Na verdade, o que se viu foi um ataque brutal ao povo Tenharin nas ruas, instituições públicas, redes sociais etc. Muitos dos que participaram dos eventos não conseguiam imaginar que poderiam estar sendo massa de manobra para outros interesses. Os três mortos merecem que se faça justiça e que os culpados paguem na forma da lei. Mas, uma cultura inteira não pode ser massacrada por um ato que nem mesmo foi comprovado integralmente. Provavelmente, o ocorrido foi usado por madeireiros e fazendeiros que não concordavam com a cobrança do “pedágio” e utilizou da comoção da população para incentivar os ataques, não só aos Tenharin, mas a depredação e destruição dos bens públicos13.

13 Ver filme de Iremar Antonio Ferreira com depoimento de Dona Margarida Tenharin, disponível em

Atualmente a comissão da verdade reconheceu os danos causados pela ditadura militar aos povos indígenas, especificamente aos Tenharin, que sofreram e sofrem com os danos causados pela abertura da BR-230 – Transamazônica, que afetou diretamente os povos indígenas ao longo dessa rodovia. Dessa forma, o Ministério Público Federal no Amazonas ingressou com uma ação civil pública, solicitando à Justiça Federal declarar a responsabilidade da Funai e da União por violação aos direitos humanos aos povos Tenharin e Jiahui, como consequência dos danos permanentes causados pela construção da Transamazônica em seus territórios.
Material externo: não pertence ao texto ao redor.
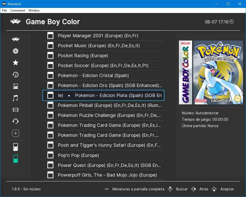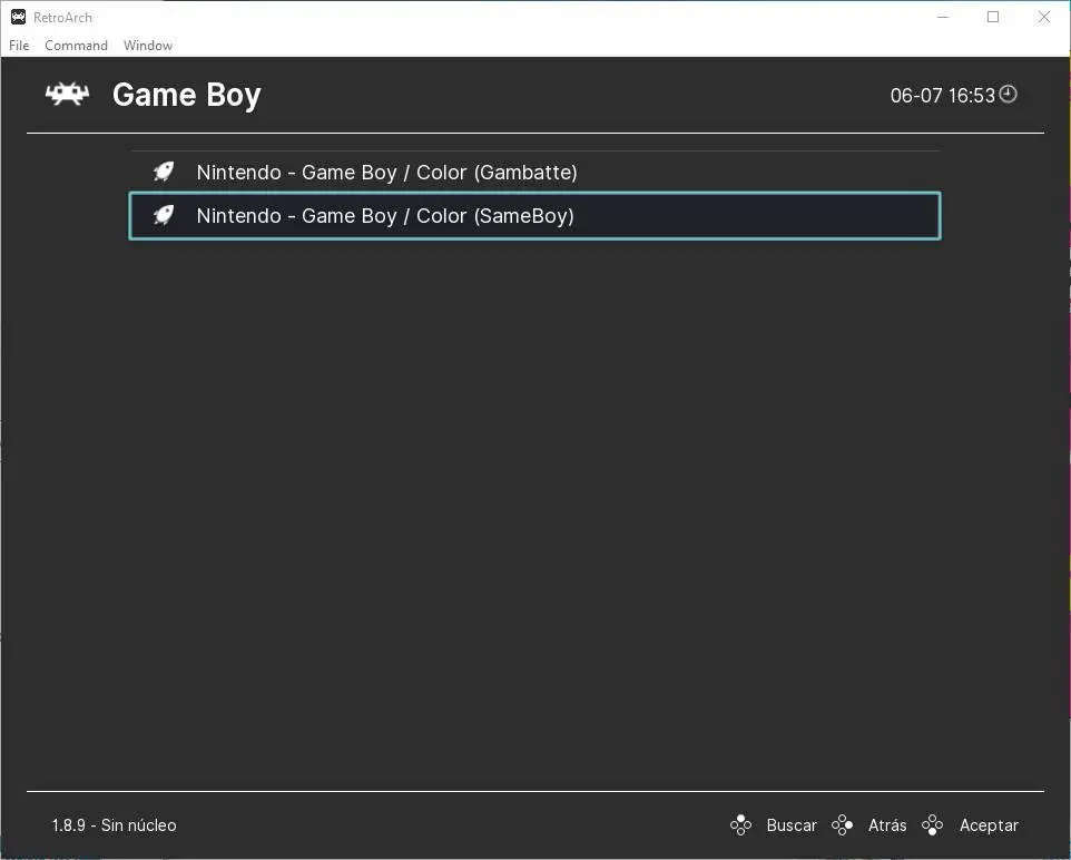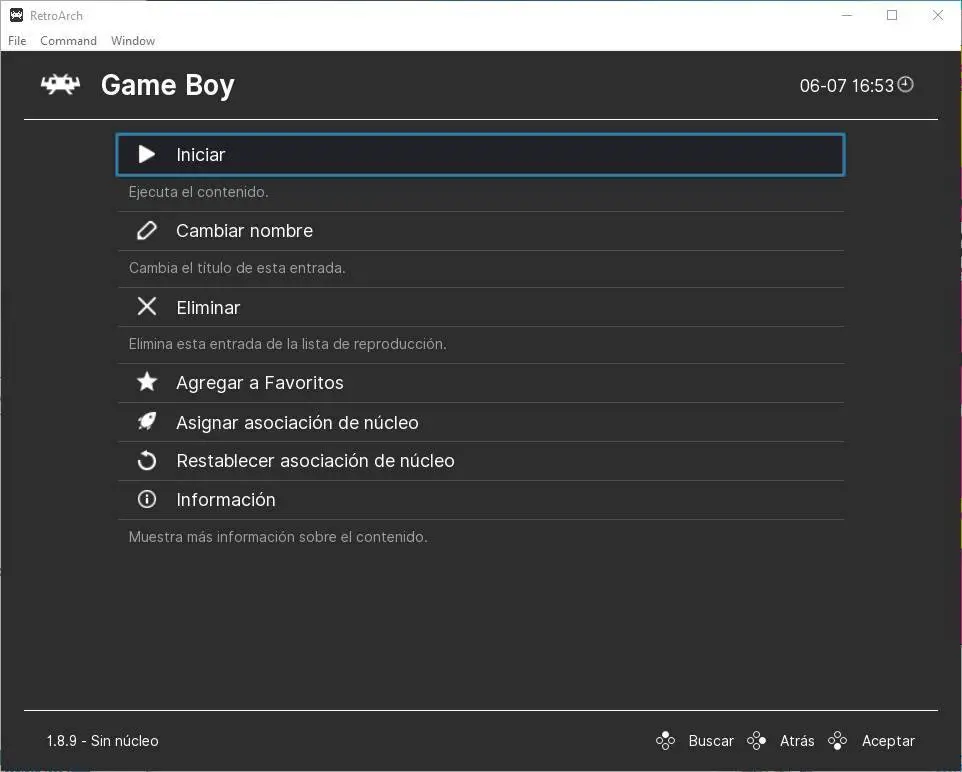 Une fois le jeu sélectionné, tout ce que nous avons à faire est d’appuyer sur «Entrée» pour ouvrir la rom. Ici, nous pourrons voir le menu d’options spécifiques pour chaque émulateur. Même lors de son lancement, nous pourrons choisir avec quel noyau nous allons l’exécuter.

Neste sentido, a Justiça Federal concedeu liminar em favor dos povos Tenharin e Jiahui, onde determina que adotem medidas para reparar os danos causados em decorrência da construção da rodovia. A liminar também garante que os locais sagrados desses povos devem ser preservados, além da garantia da presença dos indígenas em escolas ou faculdades, se necessário, com medidas de segurança.

Além disso, a ação civil requereu reparação por dano moral coletivo, no qual o Ministério Público Federal requer uma indenização de 10 milhões para cada povo, que deverão ser aplicados em favor desses povos, sob a coordenação da FUNAI, a partir da definição dos próprios indígenas. Esse item encontra-se em tramitação.

Atualmente, na rodovia não tem mais a cobrança da taxa de compensação. Os Tenharin compreendem que estavam cobrando das pessoas erradas, passaram então a cobrar das autoridades pela reparação de parte dos danos causados aos povos indígenas Tenharin e Jiahui, conforme a petição feita pelo Ministério Público Federal.